1. Field of the Invention
This invention relates to the field of backup storage and retrieval of data files, and particularly to the monitoring and expunging of backup versions of a file on sequentially updated target servers.
2. Description of Background
Conventionally, client file backup applications send information that is necessary to restore a file to the condition it was in at some point in time to a remote server. As such, remote servers are typically in communication with the client over a network connection that may have limited bandwidth. Further, the amount of storage a remote server is configured to provide to a client for maintaining backup files may also be limited. Known solutions to this problem include the operations of backing up an entire file, backing up the progressive delta files that are associated with a file, and backing up the incremental delta files that are associated with a tile. These know solutions are explained as follows.

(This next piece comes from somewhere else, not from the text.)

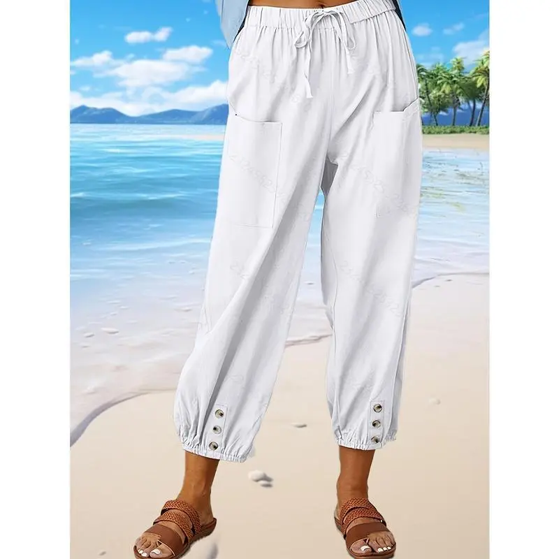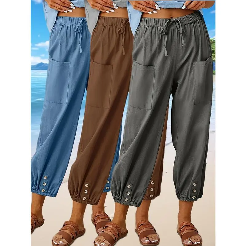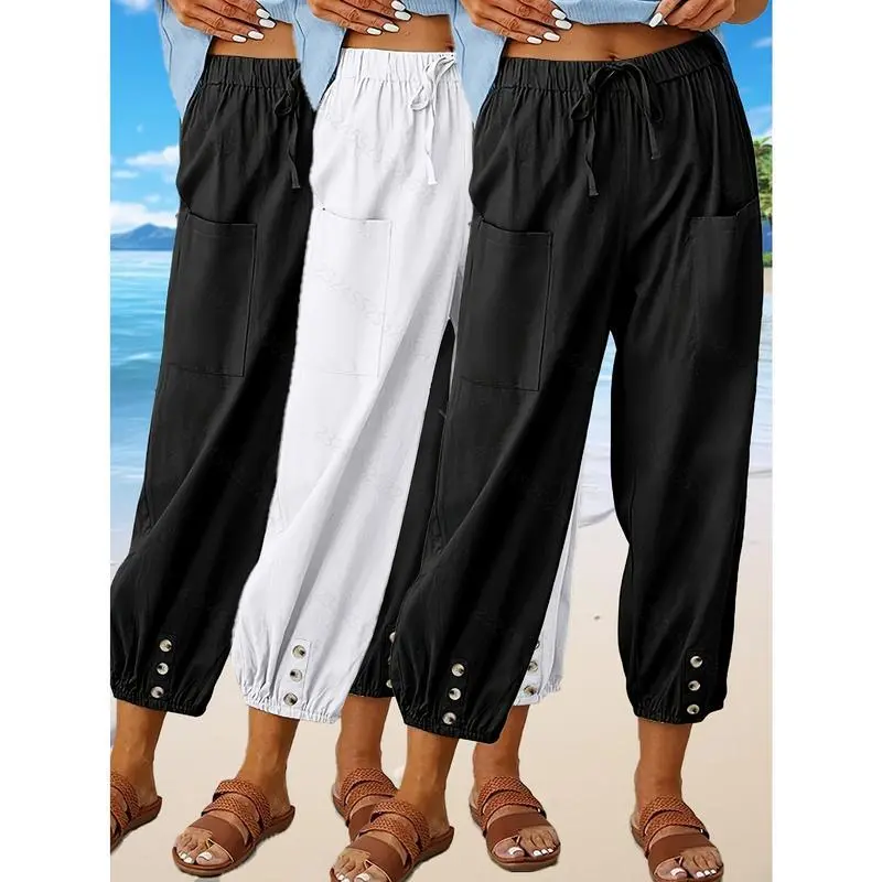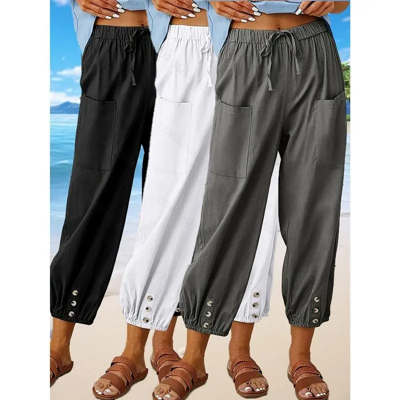 3-PackofLoose-FittingHigh-WaistedButtonedAndLinenCroppedWide-LegUnisexPantswithPocketsforEasyOutings.CasualTrousers,ElasticWaist

Backing up an entire file requires that the entire content of a file be transmitted to a target server in the event that a backup file is made. This solution makes no attempt to monitor or conserve network bandwidth. Further, for this technique a restore operation consists of copying the entire file back from the target server storage. Additionally, target server storage space management for this technique involves the deleting of old versions of the file from the target server.
For this solution when a file is initially backed-up to a target server, the entire contents of the file is transmitted to the target server, thus establishing a “base” version of the backed-up file. In subsequent file backup operations, file data that is sent to the target server will contain all of the changes that have been made to the file since the base version was established. This new file data contains the “progressive delta,” that is, all of the changes that have been made to the file made since the transmittal of the base version to the target server. Although this technique conserves network bandwidth during a backup operation, when compared to the above-solution of backing up an entire file, a result of the present solution is that redundant changes will be transmitted each time a file backup is stored at the target server. In the event that a past version of a file needs to be recovered, the client simply restores the base version of the file and the progressive delta that is associated with the file. Additionally, any progressive delta that is associated with the file can be deleted to recover space from the target server without affecting a file restore operation (i.e., except the ability to recover a file to a specific point in time that is represented by the progressive delta that has been deleted is lost).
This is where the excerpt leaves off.